--- About this exercise ---
A faithful transcription is wanted of the lines from the top of the material through the line that holds "入碧潭村,在農田上有一個顯眼", both ends included, leaving out the pictures.

--- Records for the exercise ---
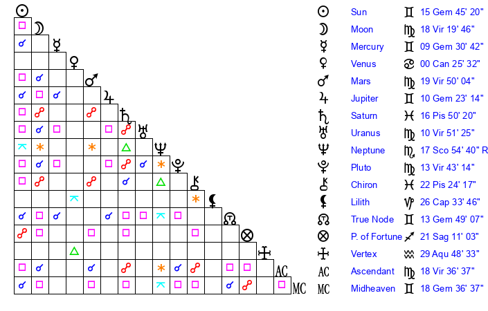 | Neptune | 17 Scorpio 54 | 1 Aries 57 | 17 Scorpio 14 |
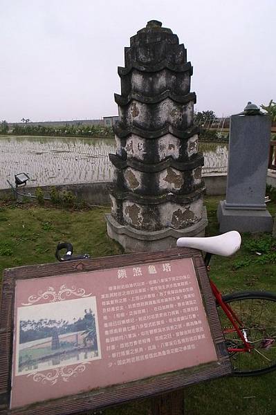 入碧潭村,在農田上有一個顯眼的鎮煞龜塔。清代以來,八掌溪下游及附近湖泊常常發生洪水,於是先民建造龜塔鎮制水神,日治時期重建成七層八卦式的寶塔,塔尖上有石龜,龜臉朝向八掌溪,意在觀察溪水消長。| https://newbrue.pixnet.net/blog/post/166471152
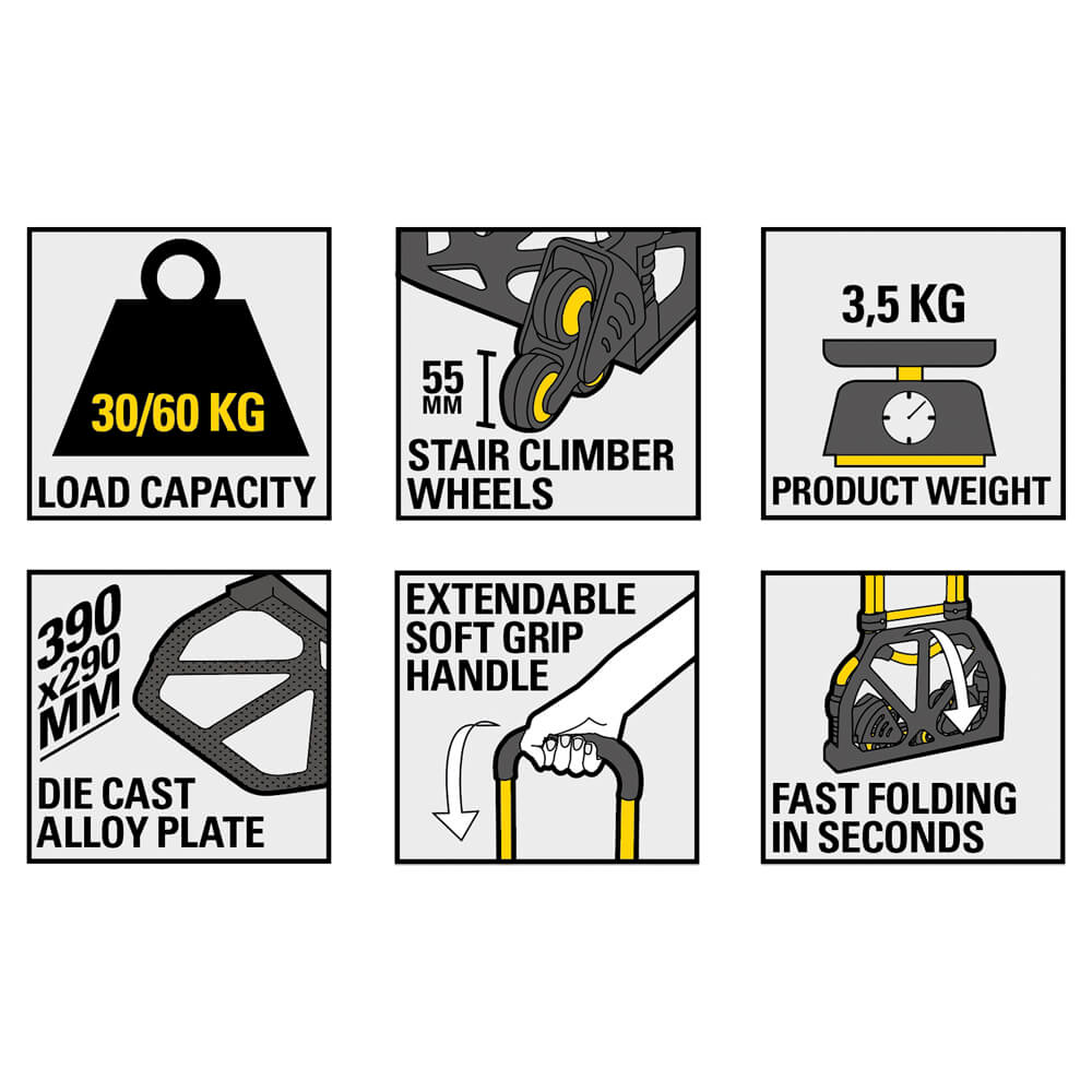 Вантажний візок Stanley SXWT-FT584 — ідеальний інструмент для перевезення коробок, побутової техніки чи інших важких предметів у квартирі, офісі, гаражі або під час переїздів. Візок має міцну алюмінієву конструкцію, яка витримує до 60 кг вантажу, при цьому власна вага всього 3.5 кг.
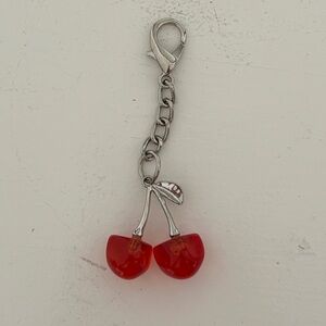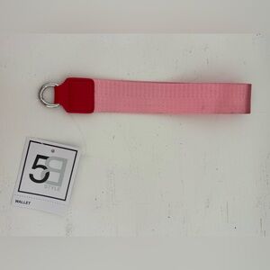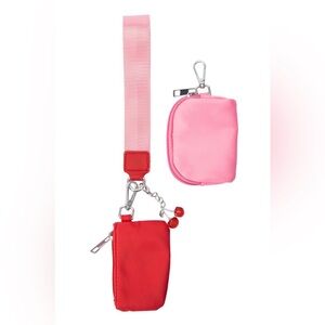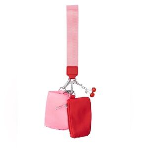 This is a dual pouch wristlet keychain wallet in pink and red nylon with a cute cherry bag charm!
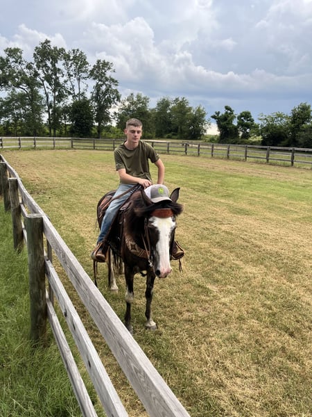 Moon-Pie is truly a gem — sweet, loving, and absolutely loves her snacks and rubs. She was originally purchased for my husband, who had never ridden before, and she took excellent care of him.

--- Exercise output ---
 | Neptune | 17 Scorpio 54 | 1 Aries 57 | 17 Scorpio 14 |
 入碧潭村,在農田上有一個顯眼的鎮煞龜塔。清代以來,八掌溪下游及附近湖泊常常發生洪水,於是先民建造龜塔鎮制水神,日治時期重建成七層八卦式的寶塔,塔尖上有石龜,龜臉朝向八掌溪,意在觀察溪水消長。| https://newbrue.pixnet.net/blog/post/166471152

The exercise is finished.